Unique responses of limbic met-enkephalin systems to low and high doses of methamphetamine

Abstract

A single administration of a low (0.5 mg/kg) or high (10 mg/kg) dose of methamphetamine (METH) significantly altered the met-enkephalin (M-Enk) systems associated with some, but not all, limbic structures examined. Neither treatment influenced M-Enk levels 3 h after drug exposure in any limbic region studied; however, 12 h after drug administration, 0.5 mg/kg of METH reduced the tissue content of this peptide in both the nucleus accumbens shell (NAs) and the frontal cortex (FrCx).

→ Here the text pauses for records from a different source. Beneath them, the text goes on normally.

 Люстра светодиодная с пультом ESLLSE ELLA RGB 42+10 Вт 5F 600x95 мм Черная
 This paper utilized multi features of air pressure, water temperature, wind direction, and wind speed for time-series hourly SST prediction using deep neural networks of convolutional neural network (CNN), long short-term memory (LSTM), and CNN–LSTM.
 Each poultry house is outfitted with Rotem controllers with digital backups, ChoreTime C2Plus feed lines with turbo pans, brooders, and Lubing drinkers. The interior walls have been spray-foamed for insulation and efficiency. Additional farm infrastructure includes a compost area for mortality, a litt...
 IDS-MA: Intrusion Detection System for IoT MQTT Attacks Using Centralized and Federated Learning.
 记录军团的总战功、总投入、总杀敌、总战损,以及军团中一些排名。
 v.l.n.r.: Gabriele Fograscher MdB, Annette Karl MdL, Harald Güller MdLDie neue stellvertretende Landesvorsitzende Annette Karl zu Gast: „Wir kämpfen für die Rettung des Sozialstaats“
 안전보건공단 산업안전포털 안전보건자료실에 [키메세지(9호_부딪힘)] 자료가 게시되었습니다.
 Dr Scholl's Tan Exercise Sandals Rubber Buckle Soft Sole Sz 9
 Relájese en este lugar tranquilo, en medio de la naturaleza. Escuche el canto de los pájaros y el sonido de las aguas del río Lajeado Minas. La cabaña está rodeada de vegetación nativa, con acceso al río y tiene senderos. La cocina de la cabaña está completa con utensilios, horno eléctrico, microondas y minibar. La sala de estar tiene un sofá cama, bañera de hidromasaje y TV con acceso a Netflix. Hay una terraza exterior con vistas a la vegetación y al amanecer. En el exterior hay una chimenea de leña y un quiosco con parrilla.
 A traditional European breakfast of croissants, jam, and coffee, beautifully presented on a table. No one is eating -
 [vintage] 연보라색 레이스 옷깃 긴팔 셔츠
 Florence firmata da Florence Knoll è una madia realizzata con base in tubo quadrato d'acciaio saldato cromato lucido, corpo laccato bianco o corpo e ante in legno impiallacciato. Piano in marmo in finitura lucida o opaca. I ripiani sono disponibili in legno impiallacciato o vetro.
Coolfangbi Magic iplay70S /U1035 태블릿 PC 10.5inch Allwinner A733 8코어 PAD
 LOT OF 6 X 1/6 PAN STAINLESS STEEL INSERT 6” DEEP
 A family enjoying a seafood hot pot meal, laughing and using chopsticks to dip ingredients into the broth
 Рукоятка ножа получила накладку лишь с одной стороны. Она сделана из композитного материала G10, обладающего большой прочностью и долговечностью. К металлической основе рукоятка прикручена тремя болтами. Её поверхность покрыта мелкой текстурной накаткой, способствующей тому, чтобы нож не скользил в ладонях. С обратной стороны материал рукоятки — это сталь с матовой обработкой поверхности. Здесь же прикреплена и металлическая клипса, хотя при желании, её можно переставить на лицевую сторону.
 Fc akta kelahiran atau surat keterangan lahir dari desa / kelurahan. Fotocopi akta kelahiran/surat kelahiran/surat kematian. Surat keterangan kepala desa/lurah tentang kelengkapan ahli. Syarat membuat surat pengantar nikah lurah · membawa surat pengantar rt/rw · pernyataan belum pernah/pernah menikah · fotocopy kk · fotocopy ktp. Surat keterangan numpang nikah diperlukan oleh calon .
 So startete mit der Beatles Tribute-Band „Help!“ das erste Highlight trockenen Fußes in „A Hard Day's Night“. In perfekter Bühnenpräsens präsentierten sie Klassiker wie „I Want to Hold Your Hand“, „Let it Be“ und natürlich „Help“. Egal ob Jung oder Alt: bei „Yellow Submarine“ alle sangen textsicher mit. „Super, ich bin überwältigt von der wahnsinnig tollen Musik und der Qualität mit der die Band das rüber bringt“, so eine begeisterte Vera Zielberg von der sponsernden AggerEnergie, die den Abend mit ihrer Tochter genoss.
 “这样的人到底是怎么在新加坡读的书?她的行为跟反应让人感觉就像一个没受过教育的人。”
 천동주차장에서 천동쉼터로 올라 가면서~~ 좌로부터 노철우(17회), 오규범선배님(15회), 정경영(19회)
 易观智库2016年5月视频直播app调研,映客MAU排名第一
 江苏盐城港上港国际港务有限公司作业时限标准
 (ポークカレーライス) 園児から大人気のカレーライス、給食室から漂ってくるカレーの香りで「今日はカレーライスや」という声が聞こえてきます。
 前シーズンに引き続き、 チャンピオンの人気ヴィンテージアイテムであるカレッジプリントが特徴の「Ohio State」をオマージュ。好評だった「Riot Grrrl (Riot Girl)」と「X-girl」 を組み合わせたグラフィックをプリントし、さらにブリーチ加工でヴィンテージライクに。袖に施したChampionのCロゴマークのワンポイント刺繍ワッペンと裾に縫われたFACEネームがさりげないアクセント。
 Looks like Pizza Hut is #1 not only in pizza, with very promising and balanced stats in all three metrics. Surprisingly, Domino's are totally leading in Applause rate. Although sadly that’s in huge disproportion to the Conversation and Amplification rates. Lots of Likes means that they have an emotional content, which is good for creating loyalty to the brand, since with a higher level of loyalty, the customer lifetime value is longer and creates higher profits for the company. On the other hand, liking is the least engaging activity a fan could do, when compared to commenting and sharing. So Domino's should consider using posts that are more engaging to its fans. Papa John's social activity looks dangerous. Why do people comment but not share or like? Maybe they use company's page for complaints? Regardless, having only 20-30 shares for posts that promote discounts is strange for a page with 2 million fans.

This was similar to the effect of this treatment on the anterior striatal region. In contrast, the high dose of METH increased M-Enk content in the frontal cortex and anterior striatum (AS), but had no effect in the nucleus accumbens shell. By 24 h, the effects of METH in the anterior striatum subsided, but decreases in M-Enk levels were still observed after both the low- and the high-dose METH treatments in the nucleus accumbens shell. The levels of M-Enk were not changed at any of the time points examined in the core of the nucleus accumbens (NAc). In general, treatment with a low or high dose of METH causes distinct and regional selective changes in the tissue levels of M-Enk in the limbic system. These changes appear to be mediated by dopamine (DA) D 2 and D 1 receptor activation.